What would be a better symbol of the Nats' minor-leagueesque ineptitude than the team sending a minor leaguer to the All-Star Game?
Lastings Milledge -- who's currently buried (not literally) in Syracuse -- is on the ballot as one of the Nationals outfield options. The ballots, for some reason, are printed up about eight months in advance. At the time, Milledge was inked into the starting lineup as the team's leadoff hitter and centerfielder.
But after about a week of not hitting, not fielding, not giving-a-damning and not bothering to show up on time, the Nats sent him down, hoping he'd learn his lesson.
Now some Red Sox fans are hoping to get him elected to the game. Quoth the poster:
"As good citizens of NatsTown, I think we need to get as many Natinals [not-sic] on the All-Star team as possible.

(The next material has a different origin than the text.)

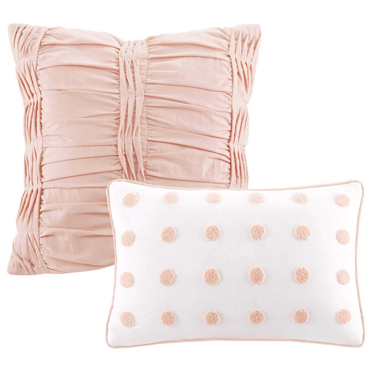 The Urban Habitat Brooklyn 5 Piece Duvet Cover set creates a charming space. Featuring small cotton tufts, the duvet cover and matching sham add texture to this solid bedding set. The reverse is a solid blush and one quilted euro sham adds texture. Two decorative pillows are also included in this duvet cover set. One pillow features a pleated design and the other is crafted to match the top of the bed. Made from 100% cotton for easy care.

"Specifically, Lastings Milledge is on the NL All-Star ballot. He needs to make the team. Nothing would be more NatsTown than having the Natinals' [not-sic] (lone?) All-Star game representative be a AAA player for whom the organization has no plan."
Some Nats fans, of course, are upset at the idea. Many of these same fans are the ones who can't figure out why ESPN tends to gloss over the games of this crapbag team.
But, really, what could be more appropriate? For a franchise that does basically everything wrong, it'd be absolutely perfect.
The odds of it happening, of course, are slim to none. Hockey's had the greatest track record for this kind of malfeasance -- especially those wacky Montreal fans.
Perhaps the greatest effort was the one for non-descript NHL defenseman Rory Fitzpatrick. Efforts to get him elected -- basically the equivalent of getting Saul Rivera into the MLB game -- were succeeding 'til the NHL mysteriously zapped some ballotsun-rigging the contest.
So those Sox fans (and whatever homer Nats fans are left) have a long road ahead of them if they're going to make it work.
But if it works, it's pitch perfect for the N-AAA-tionals.
Chris Needham used to write Capitol Punishment. He's thinking of writing in Pete Orr's name.